*** Input data ***
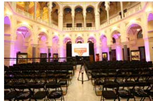
» Bosna Hersek
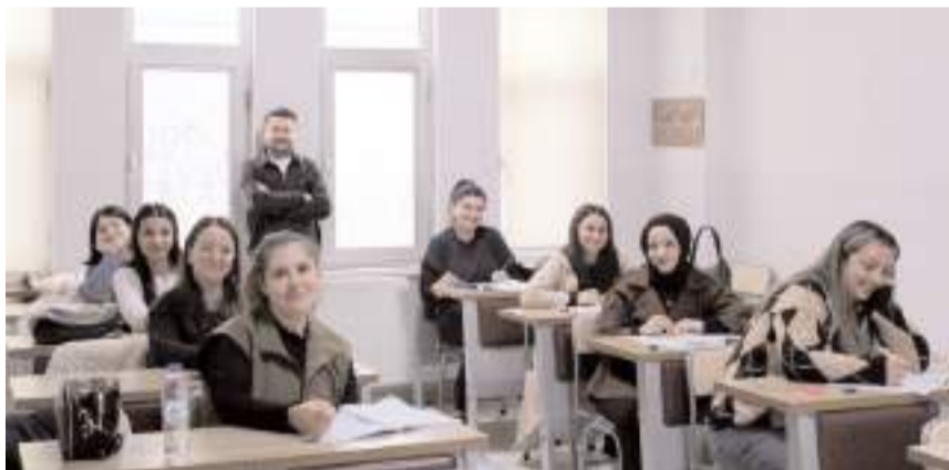
Sınavda başarılı olanlara sertifika verilecek.

Proje kapsamında başvuruda bulunan adaylar 8 haftalık yoğun eğitim programı ve stajlarını tamamladı. Sınavlarını tamamlayan kursiyerlerden değerlendirmeler neticesinde başarılı olan adaylar gelecek hafta sertifikalarını Eczacı
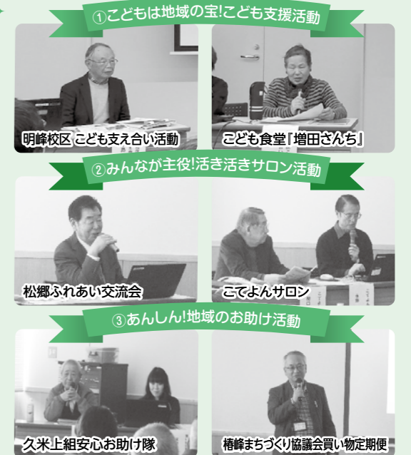
【平成30年3月3日(土) 所沢市子どもと福祉の未来館にて開催】
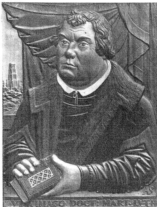
Abb. 1: Albert von Soest: Bildnis Martin Luther um 1560/70, Staatliches Museum Schwerin, Inv.-Nr. Pl 614.

Diese Schweriner Bestände wurden im Herbst 1961 durch Tausch mit Kunstwerken aus der Albrechtsburg in Meißen an das Suermondt-Ludwig-Museum in Aachen zurückgegeben. Zahllose andere Werke waren im Frühjahr 1946 der eiligen Räumung des Schweriner Schlosses ausgeliefert. Auch wenn vieles, z. T. durch intensive, langjährige Recherchen, aufgefunden und dadurch gerettet wer-
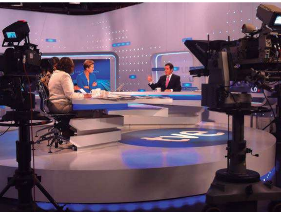
▲ El presidente de CEPYME durante su entrevista en Los Desayunos de TVE.

con distintas empresas e instituciones y sobre las actuaciones desarrolladas en el marco de los mismos, como la nueva convocatoria de Becas Santander-CRUE-CEPYME, y la jornada llevadas a cabo en colaboración con Sage sobre la Zona Única de Pagos en Euros (SEPA) y el IVA de caja.
*** End of Input data ***
* Exercise *
Taking the lines above one at a time, give the number of them that contain the string "CEPYME". Add nothing else.

* Written answer *
2